* Required action: Find every line below with "Shakespeare" in it and give only how many there are.

Saved data entries
____________________
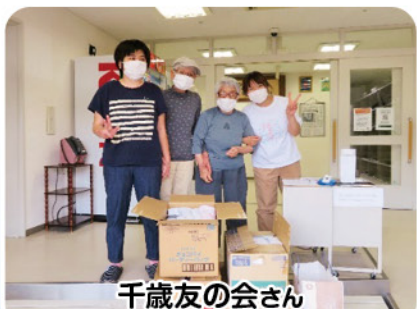
千歳友の会さん “ぞうきん” ありがとうございます
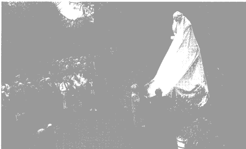
Abb. 1. Enthüllung des Shakespeare-Denkmal 1999

Jedes Jahr, gegen Ende April, findet in Weimar ein ungewöhnlicher Morgenspaziergang statt, zum Shakespeare-Denkmal im Park an der Ilm. 1 Seit 1999, rechtzeitig zum Jahr Weimars als europäische Kulturhauptstadt, erstrahlt es wieder in hellem Weiß (Abb.1). Vier Jahre zuvor war der Spaziergang noch etwas ungewöhnlicher gewesen. Am Rand des Stadtparks setzte sich die gleiche Prozession in Bewegung; aber ihr Ziel war der leere Sockel des Denkmals. Es war entfernt worden, um restauriert, um von den Wunden einer mehr als neunzigjährigen Geschichte der Verwitterung, der Umweltverschmutzung, der Verlegungen und des Vandalismus geheilt zu werden. [Ende S. 146]
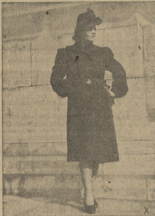
Abrigo de Persiana extrafino, muy entallado, collar de zorra plateada para la tarde
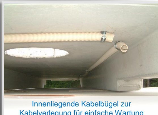
Innenliegende Kabelbügel zur Kabelverlegung für einfache Wartung
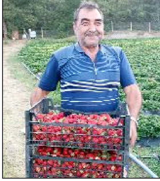
İskilip'te 7 yıl içinde çilek ekim alanları 5 dekaradan 750 dekaraya yükseldi.

İskilip Kaymakamlığı ve Belediyesi'nin desteği ile 2007 yılında yapılan denemede iyi verim alınması üzerine açılan kurslarda çilek üretimi eğitimi alan çiftçiler, arazilerinin belli bölümlerinde çilek yetiştiriciliğine başlamıştı. Aradan geçen sürede 5 dekarla başlayan üretim 750 dekaraya yükseldi.
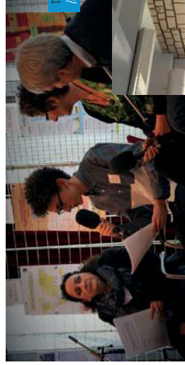
Table ronde et émission radio sur le changement climatique (Lycée l'Osaret, 38).
____________________
* Answer section: 2